" David Wright 's scorching drive in the first inning Friday night struck halfway up that infernal left-field wall at Citi Field for a one-run double instead of a two-run homer, just as Chipper Jones knew it would.
"It's funny to see them hit the ball off the wall and look at me like, 'God-damned, what do I got to do?'" Jones said Friday, before that 16-foot wall and Tim Hudson doomed the Mets to a 4-1 defeat, their fifth in a row.
It's not lost on Jones that the Mets are struggling to contend in the NL East , while his Braves emerged from their franchise slump and will likely make the playoffs for a second straight year. Both Jones and Terry Collins share the opinion that the Mets' lousy home record might be the result of those imposing walls, plus the absence of a jet stream out to right-center, which sometimes carried Jones' balls out of Shea.

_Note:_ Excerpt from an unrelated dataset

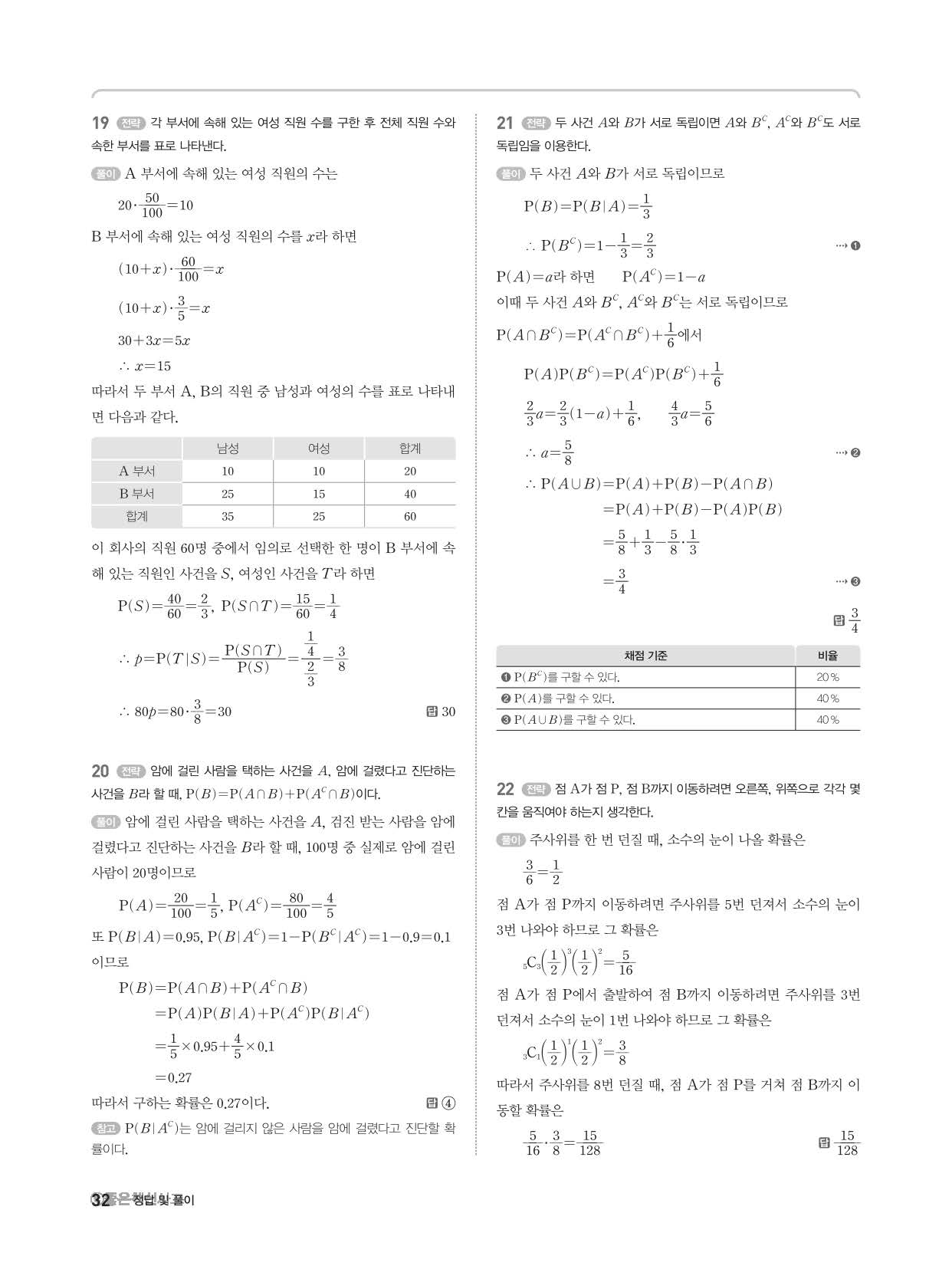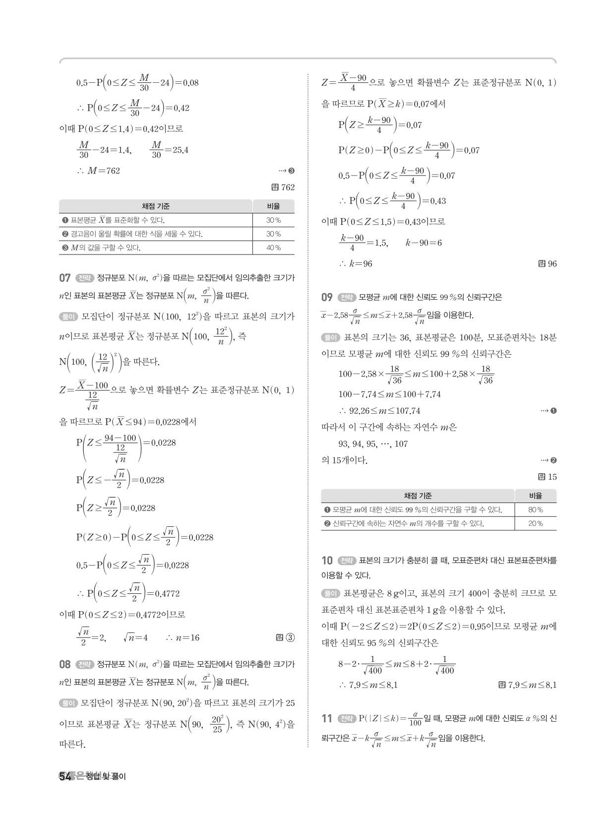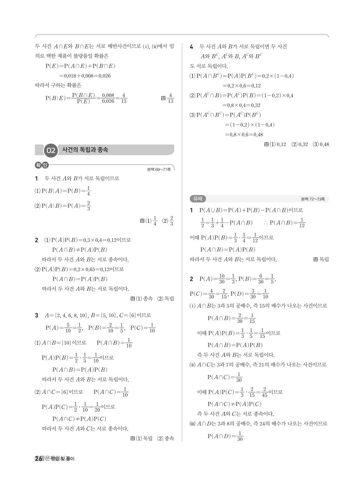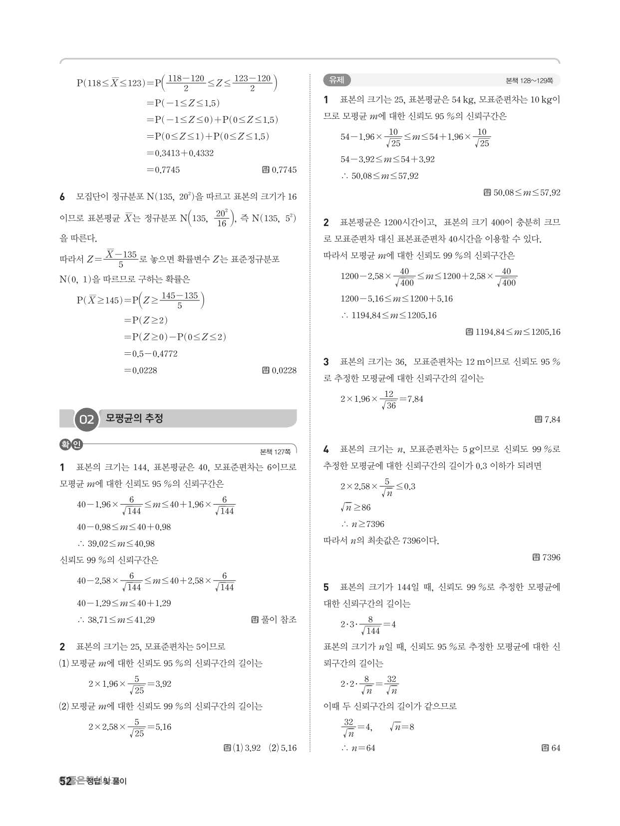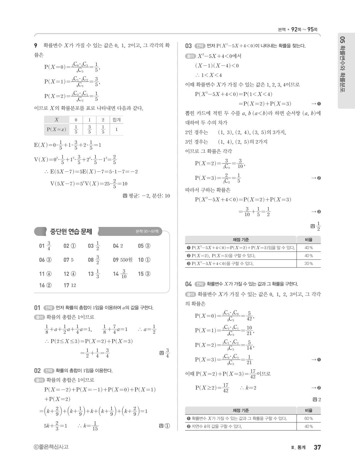 개념쎈라이트 확률과통계 답지 해설지 사진답지 빠른답지 모바일최적화

Citi Field is both modestly scaled and impossibly dimensioned, an architectural paradox. "I've played here long enough to know that's not a home run," Wright said of his double. There was another blast in the seventh last night by Lucas Duda , a homer elsewhere, which died at the warning track in right.
Will the Mets ever do something about this? Not Jones' problem, really. He dragged his sore quad and surgically repaired knee one more time into Flushing , and the new place was something of an unpleasant reminder about how the romance and aura of the venue had flown."